[Stored data]
◆ ◆ ◆ ◆ ◆

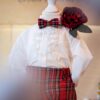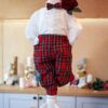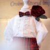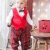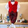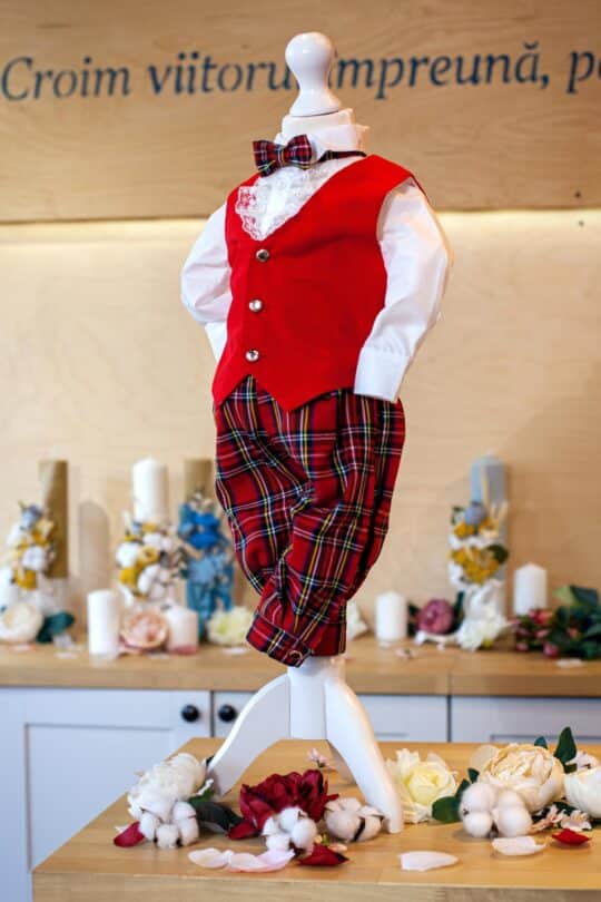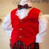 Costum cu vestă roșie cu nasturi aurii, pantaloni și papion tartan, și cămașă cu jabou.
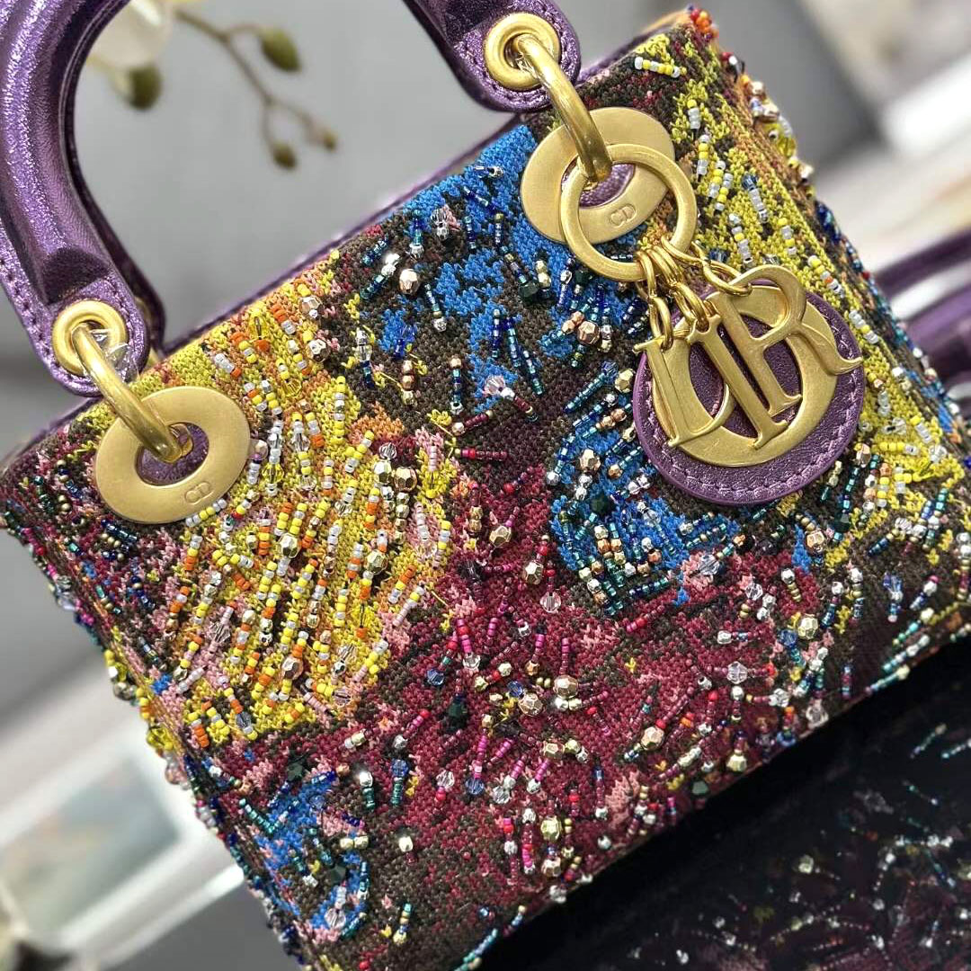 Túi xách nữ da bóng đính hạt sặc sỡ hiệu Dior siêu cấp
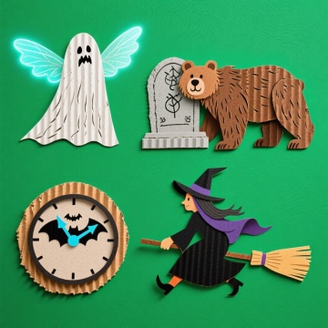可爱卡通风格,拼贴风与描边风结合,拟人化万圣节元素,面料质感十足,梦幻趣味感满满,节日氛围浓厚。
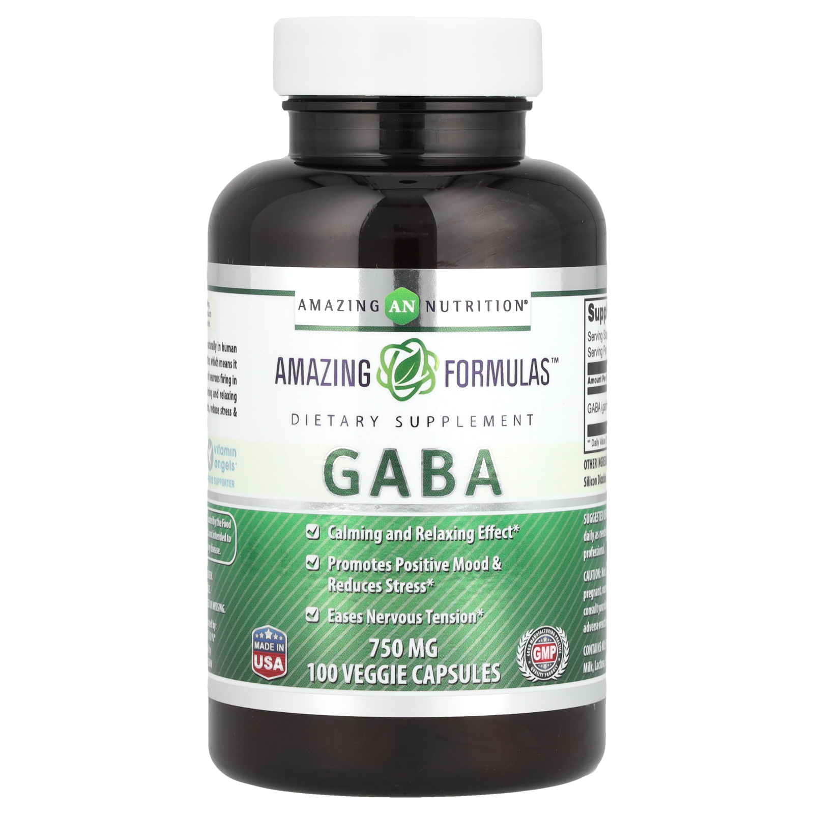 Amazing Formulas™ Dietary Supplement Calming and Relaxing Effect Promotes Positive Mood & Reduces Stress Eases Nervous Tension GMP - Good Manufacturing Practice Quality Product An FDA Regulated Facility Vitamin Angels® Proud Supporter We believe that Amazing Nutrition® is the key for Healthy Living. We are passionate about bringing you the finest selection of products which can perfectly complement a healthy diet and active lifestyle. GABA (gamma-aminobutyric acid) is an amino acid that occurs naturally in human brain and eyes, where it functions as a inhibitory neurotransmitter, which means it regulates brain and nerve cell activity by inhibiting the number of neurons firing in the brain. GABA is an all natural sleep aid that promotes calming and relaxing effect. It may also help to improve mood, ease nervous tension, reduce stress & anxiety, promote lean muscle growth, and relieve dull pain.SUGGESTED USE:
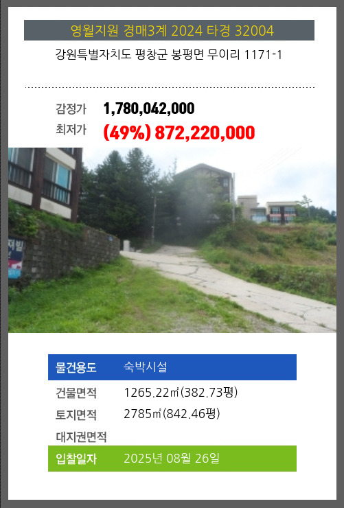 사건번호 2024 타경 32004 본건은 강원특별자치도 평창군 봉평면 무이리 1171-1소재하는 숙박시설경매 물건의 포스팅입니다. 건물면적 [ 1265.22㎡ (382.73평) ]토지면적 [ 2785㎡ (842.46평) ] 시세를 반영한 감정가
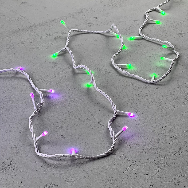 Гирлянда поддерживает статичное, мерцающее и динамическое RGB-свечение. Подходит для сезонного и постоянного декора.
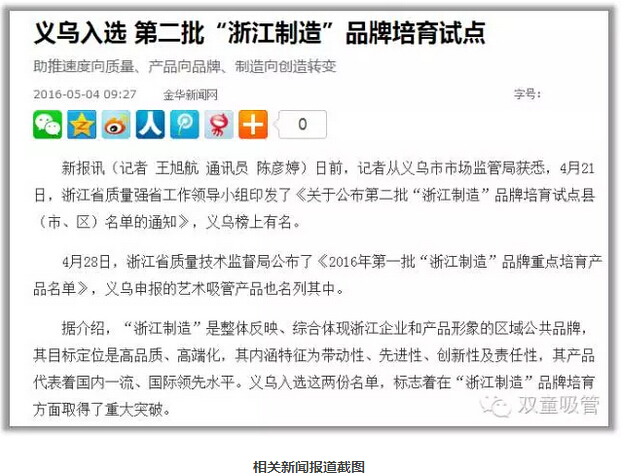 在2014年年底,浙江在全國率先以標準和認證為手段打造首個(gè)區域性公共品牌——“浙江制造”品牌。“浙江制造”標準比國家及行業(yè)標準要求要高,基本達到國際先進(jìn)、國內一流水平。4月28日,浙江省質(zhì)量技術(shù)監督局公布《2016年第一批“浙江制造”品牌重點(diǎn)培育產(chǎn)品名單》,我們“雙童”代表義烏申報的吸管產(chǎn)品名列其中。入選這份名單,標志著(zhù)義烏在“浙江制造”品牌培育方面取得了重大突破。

◆ ◆ ◆ ◆ ◆

▶ [EXERCISE] Print out the entries above word for word from the first line to the line containing "Гирлянда поддерживает статичное, мерцающее", both included, omitting the pictures.

▶ [SOLUTION BELOW]
 Costum cu vestă roșie cu nasturi aurii, pantaloni și papion tartan, și cămașă cu jabou.
 Túi xách nữ da bóng đính hạt sặc sỡ hiệu Dior siêu cấp
可爱卡通风格,拼贴风与描边风结合,拟人化万圣节元素,面料质感十足,梦幻趣味感满满,节日氛围浓厚。
 Amazing Formulas™ Dietary Supplement Calming and Relaxing Effect Promotes Positive Mood & Reduces Stress Eases Nervous Tension GMP - Good Manufacturing Practice Quality Product An FDA Regulated Facility Vitamin Angels® Proud Supporter We believe that Amazing Nutrition® is the key for Healthy Living. We are passionate about bringing you the finest selection of products which can perfectly complement a healthy diet and active lifestyle. GABA (gamma-aminobutyric acid) is an amino acid that occurs naturally in human brain and eyes, where it functions as a inhibitory neurotransmitter, which means it regulates brain and nerve cell activity by inhibiting the number of neurons firing in the brain. GABA is an all natural sleep aid that promotes calming and relaxing effect. It may also help to improve mood, ease nervous tension, reduce stress & anxiety, promote lean muscle growth, and relieve dull pain.SUGGESTED USE:
 사건번호 2024 타경 32004 본건은 강원특별자치도 평창군 봉평면 무이리 1171-1소재하는 숙박시설경매 물건의 포스팅입니다. 건물면적 [ 1265.22㎡ (382.73평) ]토지면적 [ 2785㎡ (842.46평) ] 시세를 반영한 감정가
 Гирлянда поддерживает статичное, мерцающее и динамическое RGB-свечение. Подходит для сезонного и постоянного декора.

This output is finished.